Assigned task —
Word for word, copy the entire listing below, but do not carry over any pictures.

----------

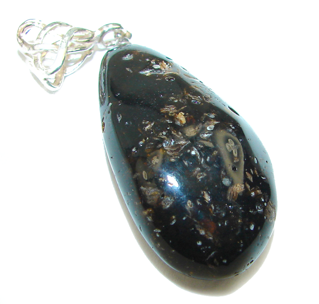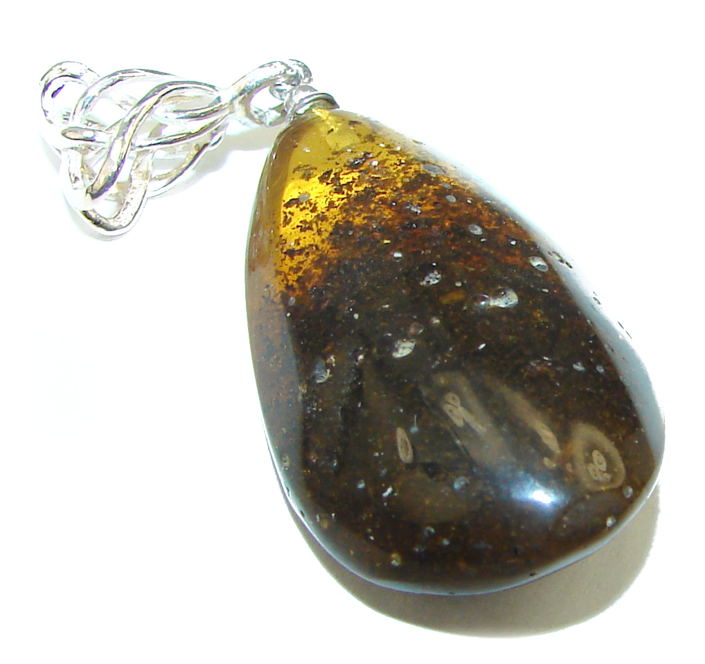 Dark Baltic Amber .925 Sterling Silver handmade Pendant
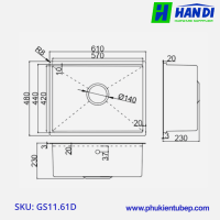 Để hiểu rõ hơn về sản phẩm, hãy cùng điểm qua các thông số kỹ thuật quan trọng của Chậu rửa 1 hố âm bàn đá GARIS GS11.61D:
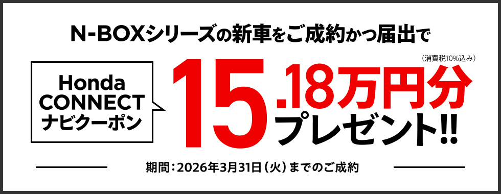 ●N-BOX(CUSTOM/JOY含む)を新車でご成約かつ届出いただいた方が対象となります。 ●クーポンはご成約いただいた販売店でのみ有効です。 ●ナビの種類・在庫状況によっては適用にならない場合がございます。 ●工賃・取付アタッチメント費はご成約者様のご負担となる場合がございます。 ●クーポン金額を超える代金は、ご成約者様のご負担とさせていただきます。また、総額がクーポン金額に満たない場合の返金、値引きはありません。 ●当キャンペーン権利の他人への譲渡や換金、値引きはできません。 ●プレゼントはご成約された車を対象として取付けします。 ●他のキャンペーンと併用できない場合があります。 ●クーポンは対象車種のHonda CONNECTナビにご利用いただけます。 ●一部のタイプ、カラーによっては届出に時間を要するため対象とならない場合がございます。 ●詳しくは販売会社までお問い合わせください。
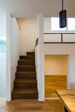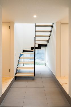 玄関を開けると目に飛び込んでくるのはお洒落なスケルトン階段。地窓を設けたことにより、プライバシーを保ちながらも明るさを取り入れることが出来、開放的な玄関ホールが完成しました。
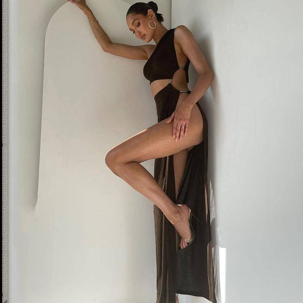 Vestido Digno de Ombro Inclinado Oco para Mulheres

----------

Solution —
 Dark Baltic Amber .925 Sterling Silver handmade Pendant
 Để hiểu rõ hơn về sản phẩm, hãy cùng điểm qua các thông số kỹ thuật quan trọng của Chậu rửa 1 hố âm bàn đá GARIS GS11.61D:
 ●N-BOX(CUSTOM/JOY含む)を新車でご成約かつ届出いただいた方が対象となります。 ●クーポンはご成約いただいた販売店でのみ有効です。 ●ナビの種類・在庫状況によっては適用にならない場合がございます。 ●工賃・取付アタッチメント費はご成約者様のご負担となる場合がございます。 ●クーポン金額を超える代金は、ご成約者様のご負担とさせていただきます。また、総額がクーポン金額に満たない場合の返金、値引きはありません。 ●当キャンペーン権利の他人への譲渡や換金、値引きはできません。 ●プレゼントはご成約された車を対象として取付けします。 ●他のキャンペーンと併用できない場合があります。 ●クーポンは対象車種のHonda CONNECTナビにご利用いただけます。 ●一部のタイプ、カラーによっては届出に時間を要するため対象とならない場合がございます。 ●詳しくは販売会社までお問い合わせください。
 玄関を開けると目に飛び込んでくるのはお洒落なスケルトン階段。地窓を設けたことにより、プライバシーを保ちながらも明るさを取り入れることが出来、開放的な玄関ホールが完成しました。
 Vestido Digno de Ombro Inclinado Oco para Mulheres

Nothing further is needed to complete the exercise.